AppBundler.jl

Bundle your Julia application
Author PeaceFounder
Popularity
51 Stars
Updated Last
2 Months Ago
Started In
September 2023

AppBundler.jl

AppBundler.jl offers recipes for building Julia GUI applications in modern desktop application installer formats. It uses Snap for Linux, MSIX for Windows, and DMG for MacOS as targets. It bundles full Julia within the app, which, together with artifact caching stored in scratch space, allows the bundling to be done quickly, significantly shortening the feedback loop.

The build product of AppBundler.jl is a bundle that can be conveniently finalised with a shell script on the corresponding host system without an internet connection. This allows me to avoid maintaining multiple Julia installations for different hosts and reduces failures due to a misconfigured system state. It is ideal for a Virtualbox setup where the bundle together with bundling script is sent over SSH after which the finalised installer is retrieved.

The configuration options for each installer bundle vary greatly and are virtually limitless; thus, creating a single bundling configuration file for all systems is impractical. To resolve this, the AppBundler recipie system comes into the picture. AppBundler provides default configuration files which substitute a few set variables specified at the Project.toml in a dedicated [bundle] section. This shall cover plenty of use cases. In case the application needs more control, like interfacing web camera, speaker, host network server, etc., the user can place a custom snap.yaml, AppxManifest.xml and Entitlements.plist in the application meta folder, overloading the defaults. Additional files can be provided easily for the bundle by placing them in a corresponding folder hierarchy. For instance, this can be useful for providing custom-sized icon sizes. To see how that works, explore AppBundler.jl/examples and PeaceFounderClient where you can check out the releases page to see what one can expect.

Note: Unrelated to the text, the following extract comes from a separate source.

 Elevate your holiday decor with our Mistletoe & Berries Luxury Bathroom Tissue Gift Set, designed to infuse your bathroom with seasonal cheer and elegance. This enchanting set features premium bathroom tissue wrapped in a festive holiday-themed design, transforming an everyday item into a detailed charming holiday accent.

All recipes define a USER_DATA environment variable where apps can store their data. On Linux and Windows those are designated application locations which get removed with the uninstallation of the app, whereas on MacOS, apps use ~/.config/myapp and ~/.cache/myapp folders unless one manages to get an app running from a sandbox in which case the $HOME/Library/Application Support/Local folder will be used.

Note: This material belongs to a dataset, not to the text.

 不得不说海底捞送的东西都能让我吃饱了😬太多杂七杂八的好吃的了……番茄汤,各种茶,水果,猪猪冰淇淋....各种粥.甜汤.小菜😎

Thought has also been put into improving the precompilation experience to reduce start-up time for the first run. For MacOS, precompilation can be done before bundling in the /Applications folder by running MyApp.app/Contents/MacOS/precompile. For Linux, precompilation is hooked into the snap configure hook executed after installation. For Windows, a splash screen is shown during the first run, providing user feedback that something is happening. Hopefully, the cache relocability fix in Julia 1.11 will allow us to precompile the Windows bundle as well.

Usage

AppBundler expects an application folder which contains main.jl, Project.toml and Manifest.toml. The application entry point is the main.jl, which allows starting the application with julia --project=. main.jl from the project directory. A Project.toml contains many adjustable template variables under a [bundle] section. The configuration of the bundle sits in a meta folder from where files take precedence over the AppBunlder recepies folder. Thus, it is straightforward to copy a template from the recipes folder, modify and place it in the meta folder if the default configuration does not suffice. See the examples folder to see ways to configure.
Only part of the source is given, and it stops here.